◆ **Problem requirements**: Return the whole listing exactly, omitting the pictures.

◆ **Data excerpt**:
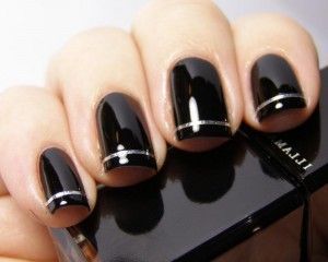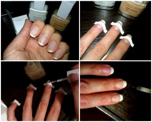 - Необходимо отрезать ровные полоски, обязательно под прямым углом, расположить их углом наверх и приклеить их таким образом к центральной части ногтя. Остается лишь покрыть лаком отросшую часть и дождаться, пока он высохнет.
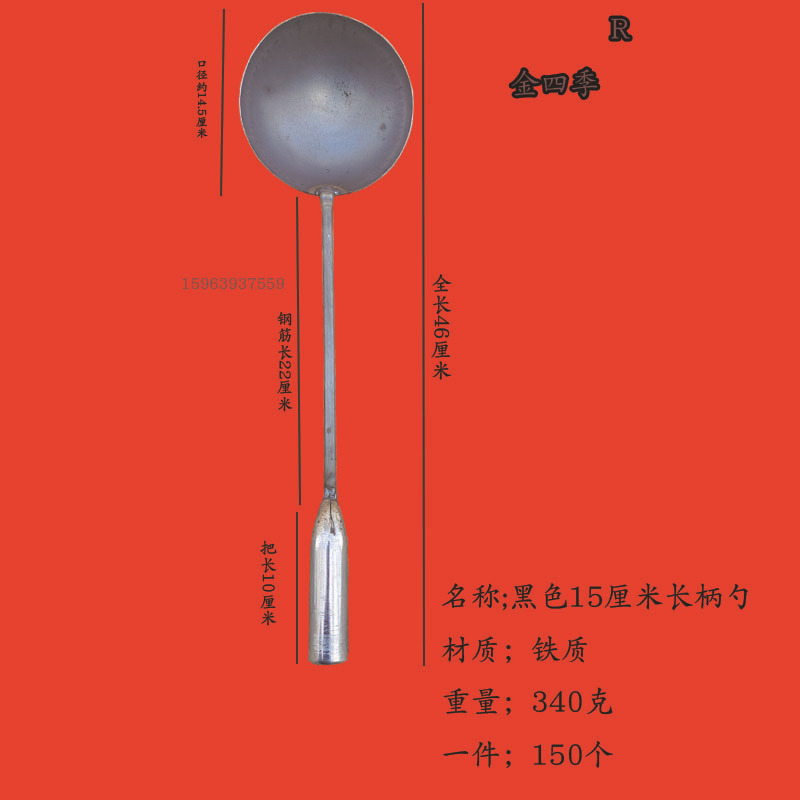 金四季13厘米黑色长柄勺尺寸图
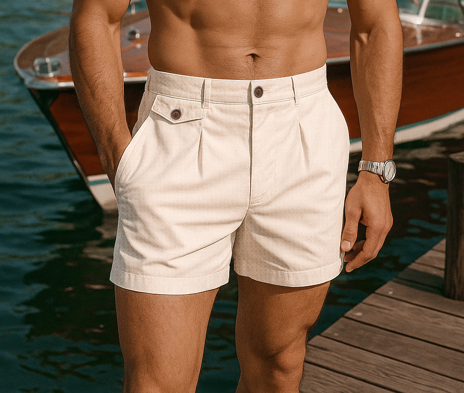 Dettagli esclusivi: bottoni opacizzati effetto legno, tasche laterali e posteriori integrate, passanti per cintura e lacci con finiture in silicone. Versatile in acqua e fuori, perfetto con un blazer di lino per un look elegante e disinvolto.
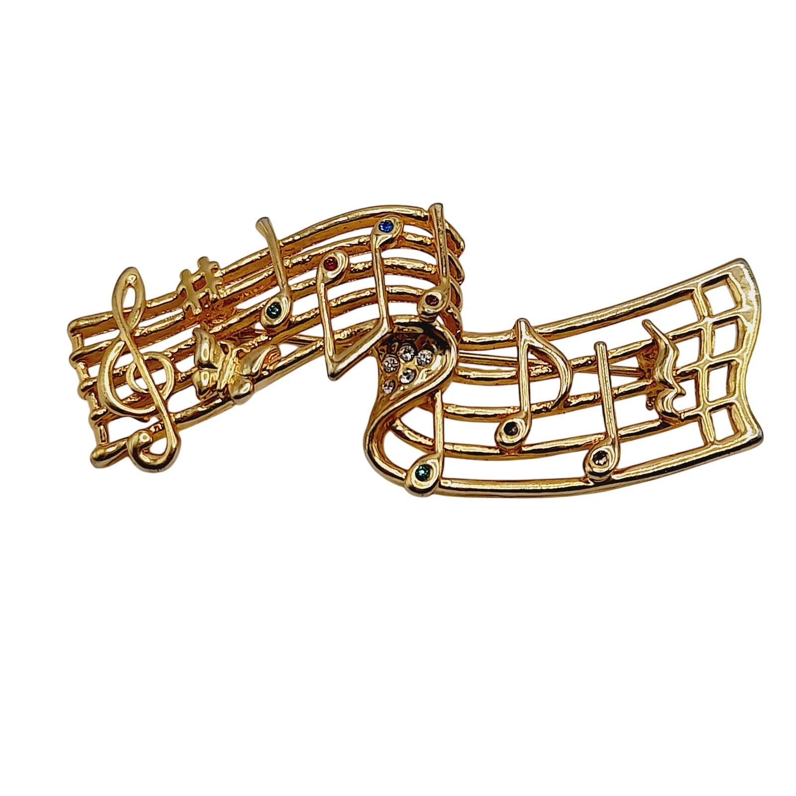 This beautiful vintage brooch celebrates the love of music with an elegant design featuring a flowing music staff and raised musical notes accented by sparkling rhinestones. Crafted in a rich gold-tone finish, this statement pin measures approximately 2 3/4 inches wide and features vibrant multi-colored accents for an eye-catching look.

◆ **Response below**:
 - Необходимо отрезать ровные полоски, обязательно под прямым углом, расположить их углом наверх и приклеить их таким образом к центральной части ногтя. Остается лишь покрыть лаком отросшую часть и дождаться, пока он высохнет.
 金四季13厘米黑色长柄勺尺寸图
 Dettagli esclusivi: bottoni opacizzati effetto legno, tasche laterali e posteriori integrate, passanti per cintura e lacci con finiture in silicone. Versatile in acqua e fuori, perfetto con un blazer di lino per un look elegante e disinvolto.
 This beautiful vintage brooch celebrates the love of music with an elegant design featuring a flowing music staff and raised musical notes accented by sparkling rhinestones. Crafted in a rich gold-tone finish, this statement pin measures approximately 2 3/4 inches wide and features vibrant multi-colored accents for an eye-catching look.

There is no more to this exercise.